The doctor held up her hands. “Nothing, right now. Erin’s doing great, and the baby’s fine so far. Her heartbeat is strong and steady. I’ll check on you again in half an hour, or sooner if the nurse alerts me of any changes. We might want to consider a pitocin drip, among other things. And you should start thinking about the possibility of a cesarean.”

Erin grabbed at him after the doctor had gone. “Jake, we didn’t plan for a cesarean. I didn’t research cesareans. My pregnancy has been completely normal from the beginning.
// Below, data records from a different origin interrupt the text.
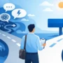 Infographic showing benefits of AI-generated content including speed, cost efficiency, and scalability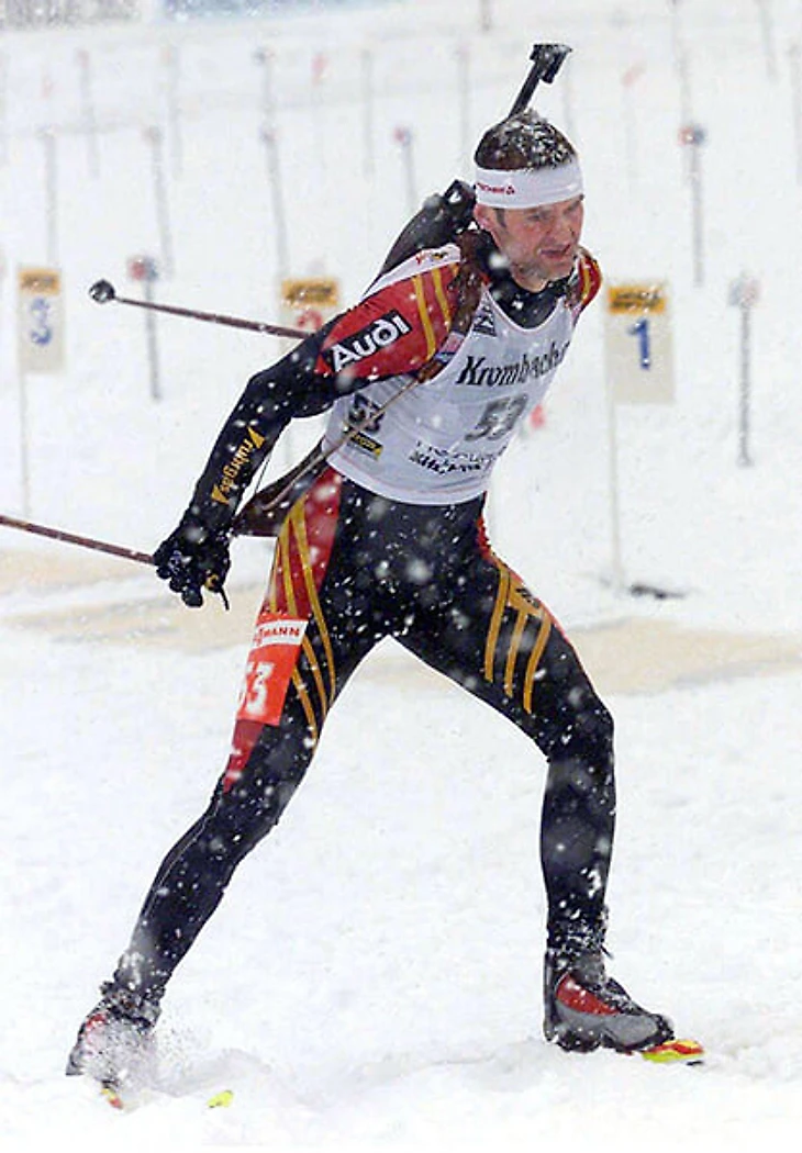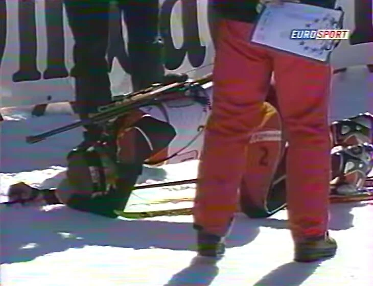 Это уже декабрь 2001-го. Германия лидировала на протяжении трех этапов, Моргенштерна поставили финишером, и он снова не справился: зашел на круг после лежки и упустил лидерство, вторую стрельбу провел чисто, но в конце встал примерно так же – в этот раз немцы снялись.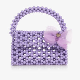 Girls bright yellow beaded handbag by Monnalisa. This fun accessory by the luxury Italian brand has a firm structure and a chunky handle, with a flap to close over the top that is decorated with a tulle floral appliqué.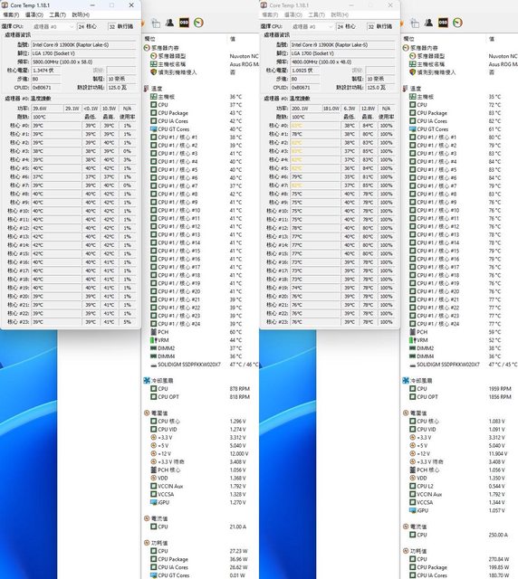 ▼功耗限制200W下待機(左)及高負載(右)的CORE TEMP及AIDA64感測器畫面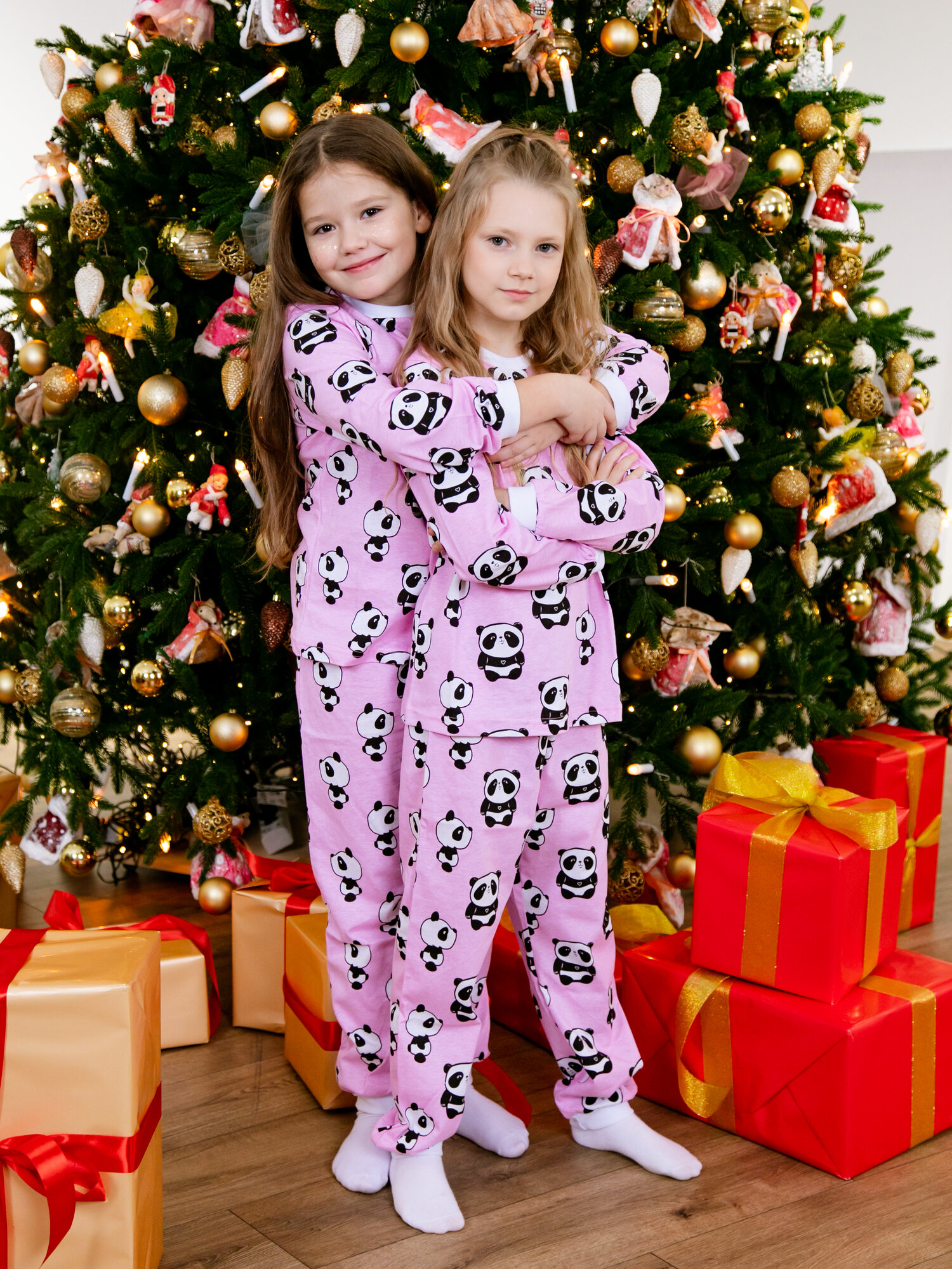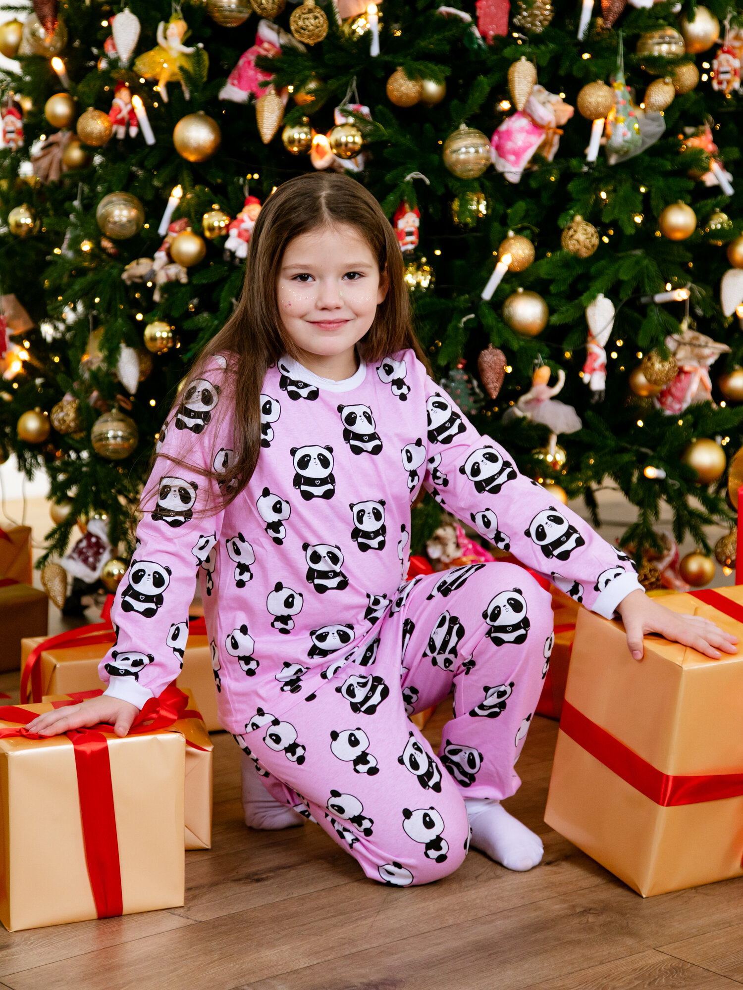 Пижама Веселый Малыш Panda, размер 122, белый, розовый, черный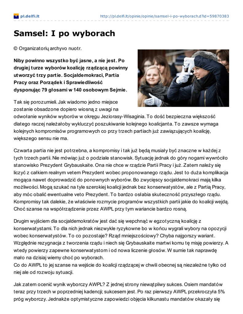 pl.delfi.lt http://pl.delfi.lt/opinie/opinie/samsel-i-po-wyborach.d?id=59870383 Samsel: I po wyborach © Organizatorių archyvo nuotr. Niby powinno wszyst ko być jasne, a nie jest . Po drugiej t urze wyborów koalicję rządzącą powinny ut worzyć t rzy part ie. Socjaldemokraci, Part ia Pracy oraz Porządek i Sprawiedliwość dysponując 79 głosami w 140 osobowym Sejmie. Tak się porozumieli. Jak wiadomo jedno miejsce zostanie obsadzone dopiero wiosną z uwagi na odwołanie wyników wyborów w okręgu Jeziorasy-Wisaginia. To dość bezpieczna większość dlatego raczej należałoby wykluczyć poszukiwanie kolejnego koalicjanta. To zawsze wymaga kolejnych kompromisów programowych co przy trzech partiach już zawiązujących koalicję, większego sensu nie ma. Czwarta partia nie jest potrzebna, a kompromisy i tak już będą musiały być znaczne w każdej z tych trzech partii. Nie mówiąc już o podziale stanowisk. Sytuację jednak do góry nogami wywróciło stanowisko Prezydent Grybauskaite. Ona nie chce w rządzie Partii Pracy i już. Zatem należy się liczyć z całkiem realnym vetem Prezydent wobec proponowanego rządu. Jest to duża komplikacja mogąca nawet doprowadzić do ponownych wyborów. Bo zwycięscy socjaldemokraci mają kilka możliwości. Mogą szukać na tyle szerokiej koalicji jednak bez konserwatystów, ale z Partią Pracy, aby móc obalić ewentualne veto Prezydent. To bardzo osłabia skuteczność przyszłego rządu. Kompromisy tak dalekie, że właściwie rozmycie programów wszystkich partii jakie do koalicji wejdą. Choć szanse na współrządzenie przez AWPL przy tym wariancie bardzo rosną. Drugim wyjściem dla socjaldemokratów jest dać się wepchnąć w egzotyczną koalicję z konserwatystami. To dla nich jednak niezwykle ryzykowne bo w końcu wygrali wybory na opozycji wobec konserwatystów. To co pozostaje? Rząd mniejszościowy? Chyba najgorszy wariant. Względnie rezygnacja z tworzenia rządu i niech się Grybauskaite martwi komu tę misję powierzy. A wtedy powierzy zapewne konserwatystom i od nowa liczenie głosów. W sumie tak naprawdę mało na dzisiaj wiemy choć po wyborach. Co do AWPL to jej szanse na wejście do koalicji rządzącej w chwili obecnej są niezależne tylko od niej ale od rozwoju sytuacji. Jak zatem ocenić wynik wyborczy AWPL? Z jednej strony niewątpliwy sukces. Osiem mandatów teraz przy trzech w poprzedniej kadencji; sukcesem jest. Po raz pierwszy AWPL przekroczyła 5% próg wyborczy. Jednakże optymistyczne zapowiedzi objęcia kilkunastu mandatów okazały się nierealne. Wejście do koalicji rządzącej i objęcie kilku ministerstw, jak na razie okazują się bardzo mgliste. Co w przypadku niepowodzenia wejścia do koalicji, może stanowić problem za cztery lata. Bo partia będąca w opozycji ma dość nikłe szanse na realizację swoich programowych zapowiedzi. W tych wyborach potencjalny elektorat AWPL bardzo się zmobilizował. Ma zatem prawo oczekiwać jakiś z tego zysków. Gdy ich nie będzie za cztery lata już o mobilizację będzie trudniej. Szczególnie, że raczej trudno będzie liczyć na „pomoc” ze strony wygranej partii jaką dawali konserwatyści swoją polityką wobec mniejszości narodowych. Polityka ta prawie na pewno (przy tworzeniu rządu wokół socjaldemokratów!) ulegnie złagodzeniu. Oczywiście do idealnej sytuacji w tej kwestii droga ciągle jest daleka, ale raczej nie będą otwierane nowe pola konfliktów tak jak to robił poprzedni rząd. Odrębnej analizy wymaga to kto faktycznie na AWPL głosował. Co pozwoli odpowiedzieć na pytanie czy przedwyborcze manewry tej partii przyniosły odpowiedni skutek. Wydawałoby się że odpowiedź jest oczywista – Tak, przyniosły skutek. Moim zdaniem nie jest to jednak tak oczywiste w każdym wymiarze. Zmiana retoryki poprzez jej złagodzenie, mogły pomóc. Przesunięcie akcentów na sprawy ogólnokrajowe i gospodarcze jako pierwsze kosztem znajdujących się na drugim planie spraw mniejszości narodowych już jest bardziej dyskusyjne. Biorąc pod uwagę to, że wygląda na to iż na listę AWPL głosowali głównie Polacy i Rosjanie. Niepowodzeniem zakończyło się pozyskanie większej liczby wyborców litewskich w skali kraju. Wskazują na to właśnie wyniki drugiej tury wyborów. AWPL ciągle nie jest do zaakceptowania przez nawet względnie liberalnego wyborcę litewskiego. Choć lokalne zwycięstwo Tamašunienė która na opozycji wobec Partii Pracy uzyskała jednak w drodze wyjątku, trochę głosów litewskich może jakoś rokować na przyszłość. Mimo tej lokalnej wygranej o znaczącym sukcesie w tym pozyskiwaniu Litwinów trudno mówić. Jest to skutkiem wielu lat zupełnie innego pozycjonowania się tej partii wobec społeczności litewskiej. Trudno jest to odmienić w ciągu kilku miesięcy. Szczególnie kiedy firmują to te same twarze. Na zmianę liderów (bo to nie tylko kwestia samego Tomaszewskiego) się nie zanosi. Bo niby jak? W końcu posłowie są wybrani tacy jacy są. Czy partia będzie dalej kontynuować ten kurs, jest pytaniem na które trudno obecnie o jednoznaczną odpowiedź. Ryzyko jest duże, koszty i konieczne działania też niemałe a efekt wcale nie pewny. Pewnym natomiast wydaje się kontynuowanie sojusz z Aliansem Rosjan. Aby to ugruntować konieczne jest zapewnienie miejsca w Sejmie Irinie Rozowej - jego liderce. Ktoś z już wybranych będzie musiał jej miejsca ustąpić. Moim zdaniem tą osobą będzie Jedziński. Waldemar Tomaszewski pozostanie w europarlamencie czyli Jedziński wejdzie do Sejmu. Jednakże zrezygnuje na rzecz Rozowej właśnie. Stanie się tak z kilku względów. Zbigniew Jedziński jest wce przewodniczącym AWPL. Choć wydawałoby się logiczne aby znalazł się w Sejmie to właśnie może świadczyć na jego niekorzyść. Niekoniecznie liderowi musi zależeć na umacnianiu pozycji swego zastępcy. Każdy lider partii stara się mieć takiego zastępcę aby nie był on następcą. Zres

I don’t understand why this is happening.”

Jake’s skin felt clammy, and the hands that held Erin’s were numb. “Everything’s going to be fine,” he forced himself to say. “Maybe we should ask for the pitocin. That will make your contractions stronger, right?”

She nodded, and suddenly tears started running down her cheeks. “Yes, but—it’ll hurt a lot more. Oh, Jake…I don’t know if I can handle it. I can barely handle this. I thought I was so strong…I thought…”

He squeezed her hands. “You are strong.”

“All the books said natural birth is best. I can’t fail this soon. I can’t fail right at the beginning.”

He started to answer her, but another contraction rolled over her and all he could do was wait, his agony at her agony like a knife through his heart.

“You’re not a failure if you don’t have a natural birth,” he told her. “Why would you even think that? The only thing that matters is having a healthy baby.”

“But it’s not what we planned,” she said. “I’m not ready for this. I’m not ready for any of it.” Her tears were still falling, and he didn’t know how to make her feel better.

Neither of them was ready for this. And he wasn’t doing Erin any damn good at all.

He wiped her face with the washcloth and then he kissed her forehead. Another contraction came, and another, and it seemed like forever before the doctor came back again.

This time she looked at the fetal heart rate monitor and shook her head. “The baby’s heart beat is slowing. There’s no immediate danger, but she’s under stress. I want to start prepping you for a c-section.”

A wave of nausea brought the taste of ashes into his mouth. The doctor was still talking, explaining the procedure and what to expect. She made it sound routine, but the fact was, a cesarean was surgery. Things could go wrong in surgery.

And the baby was under stress.

Other people were coming into the room now—more nurses and an anesthesiologist. One of the nurses was talking to him, explaining that they’d be taking him to prep so he could be in the O.R. for the procedure. Then she was guiding him out of Erin’s room.